姑姑因妹妹这桩事旁及到我,劝我也该考虑一下自己的终身大事了,并笑言等我成了家就知道要赚钱了,难道成家就能立马增强一个人的责任心?我想未必吧,即便如此,也是将一个毫不相干的人捆绑到另一个毫不相干的人身上。但有些事情我是该好好想想的,且不该只是想想而已。周国平说:“一个人活在世界上,一定要有相爱的伴侣、和睦的家庭、知心的朋友,多么忙也一定要和自己的家人一起吃晚饭,餐桌上一定要有欢声笑语,这比有钱、有车、有房重要得多。钱再多,车再名贵,房再豪华,没有这些,就只是一个悲惨的孤魂野鬼。相反,穷一点儿,但有这些,就是在过一个活人的正常生活。”亲人寄厚望于我,我竟从未努力,甚至是从未尝试过,仅仅是简单地促成一个活人该过的正常生活,即一家人一起欢声笑语地吃一顿简素的晚餐。 http://www.rijigu.com/

打工日记之二百二十五2013-1-7-星期一-晴-番禺

上班时心境很平和,也没有去问线长对于我前两天没去上班的看法。两天未来,果有变化,A线整条拉都被调往2栋做蓝牙耳机,现在正是缺人手之际,人事部如此安排有拆东墙补西墙之嫌,观过往亦可知,这家工厂处处显得捉襟见肘。暗自盘算该找一个什么借口再请两三天假,绞尽脑汁也没想出来,在工单累增的时候,个人意欲是完全被拒绝了的,要想请到假,除非真倒了八辈子血霉,像家庭遭逢变故,或自身恶疾缠身(小感冒不值一提),有在流水线旁昏厥的可能。装病他们一眼便能瞧穿,说家庭突遭变故又怕一语成谶,万万使不得,只得作罢。出于15号将自离,能够少做几天自然最好,我也不是怕自己白忙活,因为这几天连续加班的生活可作为以后繁重打工生活的预习。
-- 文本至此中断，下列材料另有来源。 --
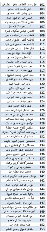 أسماء الطلبة المقبولين في كلية التمريض

且据A、B两线长的谈话,管理层极有可能盘剥生产工人的劳动成果,工资计算之中肯定存在猫腻。这几日的工资也会少得可怜,不值多费口舌,虽然在大多数人看来,自离是一件很傻帽的事,丢弃的可是真正的血汗钱。白修德告诫他儿子永远不要忘记“3个D”,即“Drill,练习,训练;Drive,有冲劲,动力,向目标前进;Drudgery,苦役,艰难的、不计报酬的工作”,人们往往忘记了前两个D,后一个D才会对他们情有独钟、不离不弃。3D,我都缺失。用Drudgery来为自己的自离开脱,显然用错了地方。

加班到九点,记完日记已是新的一天。

打工日记之二百二十六2013-1-8-星期二-阴-番禺

若天天加班,或加到更晚,我不知写日记一事能否坚持下去。在打工世界里,我还算一个未经世面的菜鸟,并未真正体验到那种过度劳累的麻木。如果没有一点别的追求,上班、加班,完全可以囚禁一个人的外在生活,就像陷在流沙中,不能挣扎,越挣扎越觉没底,也越恐慌越危险,你求生的愿力很顽强,流沙以静制动,以虚覆实,吞噬力鬼使神差般不可抗拒,只能在无望之中等待,等待被救,或极不情愿的等来灭顶之灾。两点一线,飘荡在车间与租房之间,生活仿佛只剩下睁眼和闭眼,流水线既是闭眼时的噩梦,亦是撑开眼皮的强制机关。加班回来后只想睡觉,真应了那句上床别了尘和袜,哪管明日是与非。一个在晚上只想睡觉天明乐意醒来的人是幸福的,而对于一个只想睡觉不想睁眼的人来说,睡好比天堂,其实是无间地狱,“死人”是不配谈幸与不幸的。

初中时有一个同学,上课时经常端坐着练龟息功,闭气一久,有时气厥,直挺挺地晕倒在地,吓得老师、同学面惊失色。触地不久后他又会醒过来,面色浮白,眼神恍惚,有如大病一场,似真见到了拘魂的牛头马面吓得魂飞魄散。上班时,想着如法炮制一遭,请假就不难了。工单并不是很多,但整条线像患了病,有气无力半死不活,后半段更是积重难返。加班是板上钉钉的事,我们前段却未生产一鳞半爪,反正是混时间,等到混到不愿再混的时候,于九点有七、八个人愤然离去,没有经过线、组长的同意,若非如此,恐怕要一味苦捱到十点,甚至更晚。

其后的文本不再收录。